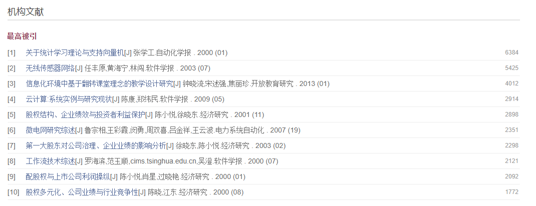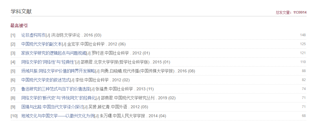 大部分分组项的内容按文献量排序,部分分组项采用特有的排序标准,分组同时进行权威性推荐。
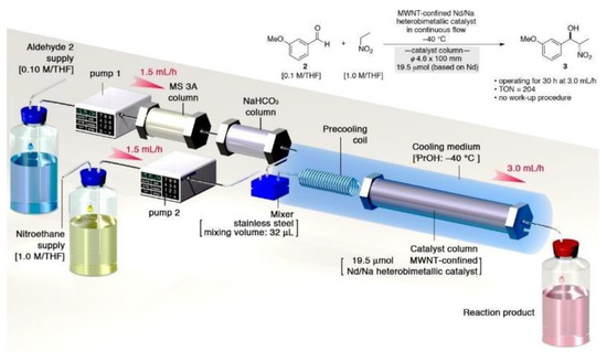 The scheme of the Henry reaction in the flow system. Adapted with permission from [32].
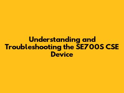 Understanding And Troubleshooting The SE700S CSE Device
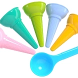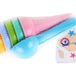 Premeňte piesok na malú zmrzlináreň! Táto sada farebných formičiek na zmrzlinové kornútiky s naberačkou prináša hodiny tvorivej zábavy na pláži aj v pieskovisku. Obsahuje 5 kornútikov + naberačku z odolného plastu bez zápachu v pastelových farbách. Vhodné pre deti od 1 roka, spĺňa certifikáciu CE.
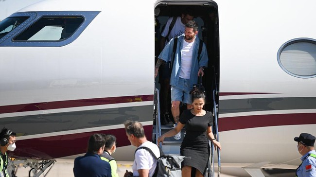 Lionel Messi bersama dengan Timnas Argentina telah mendarat di bandara Beijing menggunakan jet pribadi, Sabtu (10/6) Foto: VCG via Getty Images/VCG
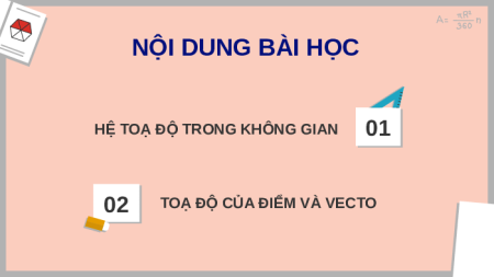 BÀI 2. TỌA ĐỘ CỦA VECTƠ TRONG KHÔNG GIAN NỘI DUNG BÀI HỌC

• _What is required_
Print out every record above exactly as given. Do not include the pictures.

• _Exercise solution_
 大部分分组项的内容按文献量排序,部分分组项采用特有的排序标准,分组同时进行权威性推荐。
 The scheme of the Henry reaction in the flow system. Adapted with permission from [32].
 Understanding And Troubleshooting The SE700S CSE Device
 Premeňte piesok na malú zmrzlináreň! Táto sada farebných formičiek na zmrzlinové kornútiky s naberačkou prináša hodiny tvorivej zábavy na pláži aj v pieskovisku. Obsahuje 5 kornútikov + naberačku z odolného plastu bez zápachu v pastelových farbách. Vhodné pre deti od 1 roka, spĺňa certifikáciu CE.
 Lionel Messi bersama dengan Timnas Argentina telah mendarat di bandara Beijing menggunakan jet pribadi, Sabtu (10/6) Foto: VCG via Getty Images/VCG
 BÀI 2. TỌA ĐỘ CỦA VECTƠ TRONG KHÔNG GIAN NỘI DUNG BÀI HỌC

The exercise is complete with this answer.